-- Records to process follows --

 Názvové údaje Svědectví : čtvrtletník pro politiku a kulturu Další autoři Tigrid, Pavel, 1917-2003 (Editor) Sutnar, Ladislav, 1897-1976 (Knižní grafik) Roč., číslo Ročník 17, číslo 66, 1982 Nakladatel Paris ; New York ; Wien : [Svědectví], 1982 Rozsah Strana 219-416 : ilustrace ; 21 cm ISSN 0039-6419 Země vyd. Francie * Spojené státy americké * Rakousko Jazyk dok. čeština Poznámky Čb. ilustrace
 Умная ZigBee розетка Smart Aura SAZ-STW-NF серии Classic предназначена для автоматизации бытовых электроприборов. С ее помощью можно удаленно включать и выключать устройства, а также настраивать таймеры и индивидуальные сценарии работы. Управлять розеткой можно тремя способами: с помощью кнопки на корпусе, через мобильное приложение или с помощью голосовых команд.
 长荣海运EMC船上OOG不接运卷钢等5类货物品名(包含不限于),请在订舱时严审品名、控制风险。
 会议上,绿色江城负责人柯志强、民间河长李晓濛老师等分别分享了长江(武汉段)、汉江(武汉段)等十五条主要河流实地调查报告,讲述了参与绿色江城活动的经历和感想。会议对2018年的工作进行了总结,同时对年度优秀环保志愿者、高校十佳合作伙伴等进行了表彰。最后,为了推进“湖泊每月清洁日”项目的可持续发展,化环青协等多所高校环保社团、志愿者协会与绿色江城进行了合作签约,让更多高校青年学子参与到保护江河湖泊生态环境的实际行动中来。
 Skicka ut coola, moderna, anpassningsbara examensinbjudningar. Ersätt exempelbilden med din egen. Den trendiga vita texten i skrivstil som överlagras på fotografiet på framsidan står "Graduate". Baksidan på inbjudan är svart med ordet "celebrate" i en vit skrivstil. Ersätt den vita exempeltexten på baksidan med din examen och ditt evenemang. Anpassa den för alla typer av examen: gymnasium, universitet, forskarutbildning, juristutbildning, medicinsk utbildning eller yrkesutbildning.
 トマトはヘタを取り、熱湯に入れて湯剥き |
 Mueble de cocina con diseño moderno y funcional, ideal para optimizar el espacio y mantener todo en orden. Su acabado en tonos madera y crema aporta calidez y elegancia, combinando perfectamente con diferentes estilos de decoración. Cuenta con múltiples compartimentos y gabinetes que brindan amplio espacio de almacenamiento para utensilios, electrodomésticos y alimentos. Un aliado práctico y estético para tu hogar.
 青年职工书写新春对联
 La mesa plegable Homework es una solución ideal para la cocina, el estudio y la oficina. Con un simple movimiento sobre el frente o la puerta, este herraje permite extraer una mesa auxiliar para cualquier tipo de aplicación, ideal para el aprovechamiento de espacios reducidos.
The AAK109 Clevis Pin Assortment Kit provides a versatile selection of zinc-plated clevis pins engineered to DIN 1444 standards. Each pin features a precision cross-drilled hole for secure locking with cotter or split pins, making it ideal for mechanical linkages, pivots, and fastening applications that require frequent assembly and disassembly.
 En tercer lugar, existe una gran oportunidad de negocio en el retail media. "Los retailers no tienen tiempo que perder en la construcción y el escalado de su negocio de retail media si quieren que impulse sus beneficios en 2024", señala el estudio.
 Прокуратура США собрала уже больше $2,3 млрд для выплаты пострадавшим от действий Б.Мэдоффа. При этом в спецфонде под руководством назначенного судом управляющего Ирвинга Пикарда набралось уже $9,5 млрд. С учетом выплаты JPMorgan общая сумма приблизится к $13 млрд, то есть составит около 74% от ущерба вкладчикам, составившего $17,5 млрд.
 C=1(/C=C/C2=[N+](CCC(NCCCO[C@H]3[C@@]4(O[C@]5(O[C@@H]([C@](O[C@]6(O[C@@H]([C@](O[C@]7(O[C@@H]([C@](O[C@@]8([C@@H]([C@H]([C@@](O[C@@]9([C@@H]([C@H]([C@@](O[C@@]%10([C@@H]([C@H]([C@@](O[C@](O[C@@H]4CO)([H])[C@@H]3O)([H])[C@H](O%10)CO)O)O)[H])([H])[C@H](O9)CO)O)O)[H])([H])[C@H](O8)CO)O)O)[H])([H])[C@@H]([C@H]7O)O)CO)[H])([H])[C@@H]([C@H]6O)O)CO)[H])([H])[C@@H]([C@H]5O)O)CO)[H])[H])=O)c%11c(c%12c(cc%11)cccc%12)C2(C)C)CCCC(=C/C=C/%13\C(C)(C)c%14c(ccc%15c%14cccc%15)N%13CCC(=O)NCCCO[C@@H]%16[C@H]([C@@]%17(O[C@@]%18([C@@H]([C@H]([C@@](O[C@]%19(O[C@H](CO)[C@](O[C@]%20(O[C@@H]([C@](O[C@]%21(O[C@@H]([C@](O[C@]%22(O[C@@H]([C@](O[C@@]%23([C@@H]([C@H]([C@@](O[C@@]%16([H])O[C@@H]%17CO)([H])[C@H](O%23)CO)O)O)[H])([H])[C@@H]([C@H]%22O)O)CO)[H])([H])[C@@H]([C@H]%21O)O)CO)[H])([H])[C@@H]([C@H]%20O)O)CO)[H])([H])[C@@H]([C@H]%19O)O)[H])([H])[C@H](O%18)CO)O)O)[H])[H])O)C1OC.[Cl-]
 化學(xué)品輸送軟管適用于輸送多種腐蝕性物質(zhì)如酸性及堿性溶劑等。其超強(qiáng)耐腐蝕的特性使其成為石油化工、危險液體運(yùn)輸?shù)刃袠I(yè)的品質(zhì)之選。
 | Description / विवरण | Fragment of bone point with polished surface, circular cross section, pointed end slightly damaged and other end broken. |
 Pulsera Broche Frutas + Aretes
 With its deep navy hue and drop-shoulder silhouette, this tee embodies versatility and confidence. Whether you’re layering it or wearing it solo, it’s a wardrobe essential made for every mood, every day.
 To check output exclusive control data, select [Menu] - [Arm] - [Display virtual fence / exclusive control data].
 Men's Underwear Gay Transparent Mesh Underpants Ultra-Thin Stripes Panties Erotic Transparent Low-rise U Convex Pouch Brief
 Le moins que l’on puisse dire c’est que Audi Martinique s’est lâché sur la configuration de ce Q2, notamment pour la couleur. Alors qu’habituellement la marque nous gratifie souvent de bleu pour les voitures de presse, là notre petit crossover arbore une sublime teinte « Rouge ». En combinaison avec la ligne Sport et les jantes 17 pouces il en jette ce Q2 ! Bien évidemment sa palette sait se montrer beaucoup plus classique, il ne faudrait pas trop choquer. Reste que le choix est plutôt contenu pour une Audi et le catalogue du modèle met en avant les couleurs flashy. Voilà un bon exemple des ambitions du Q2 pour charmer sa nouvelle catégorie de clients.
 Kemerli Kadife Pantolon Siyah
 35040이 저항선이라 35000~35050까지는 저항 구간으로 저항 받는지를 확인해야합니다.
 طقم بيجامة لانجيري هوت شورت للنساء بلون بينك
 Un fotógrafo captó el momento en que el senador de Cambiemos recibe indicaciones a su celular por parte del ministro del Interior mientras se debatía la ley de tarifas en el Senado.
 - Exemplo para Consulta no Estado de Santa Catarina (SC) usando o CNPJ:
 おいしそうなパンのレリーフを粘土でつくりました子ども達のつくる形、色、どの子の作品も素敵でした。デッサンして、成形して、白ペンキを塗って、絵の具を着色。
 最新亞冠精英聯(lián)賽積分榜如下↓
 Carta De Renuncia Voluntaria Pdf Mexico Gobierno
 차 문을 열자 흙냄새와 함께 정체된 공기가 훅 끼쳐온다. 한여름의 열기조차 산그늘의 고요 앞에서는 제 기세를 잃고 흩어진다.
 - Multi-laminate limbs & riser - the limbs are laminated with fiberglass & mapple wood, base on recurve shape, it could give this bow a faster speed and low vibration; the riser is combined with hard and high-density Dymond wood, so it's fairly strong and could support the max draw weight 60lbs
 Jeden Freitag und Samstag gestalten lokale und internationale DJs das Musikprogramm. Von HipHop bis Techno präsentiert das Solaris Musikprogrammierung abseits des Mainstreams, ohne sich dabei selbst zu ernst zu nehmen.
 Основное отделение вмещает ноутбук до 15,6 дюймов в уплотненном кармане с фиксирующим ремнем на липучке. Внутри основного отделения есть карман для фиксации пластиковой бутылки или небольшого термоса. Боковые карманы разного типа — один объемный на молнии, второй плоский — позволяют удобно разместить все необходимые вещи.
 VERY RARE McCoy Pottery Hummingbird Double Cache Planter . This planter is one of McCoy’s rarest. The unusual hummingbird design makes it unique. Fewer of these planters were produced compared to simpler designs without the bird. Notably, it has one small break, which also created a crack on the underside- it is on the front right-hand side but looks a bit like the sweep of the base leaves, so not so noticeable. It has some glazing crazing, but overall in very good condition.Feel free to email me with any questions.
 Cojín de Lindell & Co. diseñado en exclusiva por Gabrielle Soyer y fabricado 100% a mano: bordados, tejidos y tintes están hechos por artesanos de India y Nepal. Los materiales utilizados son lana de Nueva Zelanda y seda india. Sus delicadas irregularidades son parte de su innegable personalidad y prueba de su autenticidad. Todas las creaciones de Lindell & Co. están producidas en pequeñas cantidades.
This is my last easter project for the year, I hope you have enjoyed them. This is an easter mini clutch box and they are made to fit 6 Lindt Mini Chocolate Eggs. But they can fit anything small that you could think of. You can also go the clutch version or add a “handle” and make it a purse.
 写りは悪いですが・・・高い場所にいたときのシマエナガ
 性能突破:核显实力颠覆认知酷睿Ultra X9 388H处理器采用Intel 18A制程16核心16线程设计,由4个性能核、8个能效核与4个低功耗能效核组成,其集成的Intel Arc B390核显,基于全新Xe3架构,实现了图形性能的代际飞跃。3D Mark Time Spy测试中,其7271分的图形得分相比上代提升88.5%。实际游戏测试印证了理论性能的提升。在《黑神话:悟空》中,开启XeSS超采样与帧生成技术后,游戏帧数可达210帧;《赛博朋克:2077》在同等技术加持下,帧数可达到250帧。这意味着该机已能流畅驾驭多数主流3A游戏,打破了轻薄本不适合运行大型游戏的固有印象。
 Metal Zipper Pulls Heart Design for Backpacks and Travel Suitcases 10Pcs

-- Records to process concluded --

**Exercise directions**
Copy exactly the stretch of data above from the line with "The AAK109 Clevis" through the line with "Прокуратура США собрала", and omit all other lines.

**Exercise solution**
The AAK109 Clevis Pin Assortment Kit provides a versatile selection of zinc-plated clevis pins engineered to DIN 1444 standards. Each pin features a precision cross-drilled hole for secure locking with cotter or split pins, making it ideal for mechanical linkages, pivots, and fastening applications that require frequent assembly and disassembly.
 En tercer lugar, existe una gran oportunidad de negocio en el retail media. "Los retailers no tienen tiempo que perder en la construcción y el escalado de su negocio de retail media si quieren que impulse sus beneficios en 2024", señala el estudio.
 Прокуратура США собрала уже больше $2,3 млрд для выплаты пострадавшим от действий Б.Мэдоффа. При этом в спецфонде под руководством назначенного судом управляющего Ирвинга Пикарда набралось уже $9,5 млрд. С учетом выплаты JPMorgan общая сумма приблизится к $13 млрд, то есть составит около 74% от ущерба вкладчикам, составившего $17,5 млрд.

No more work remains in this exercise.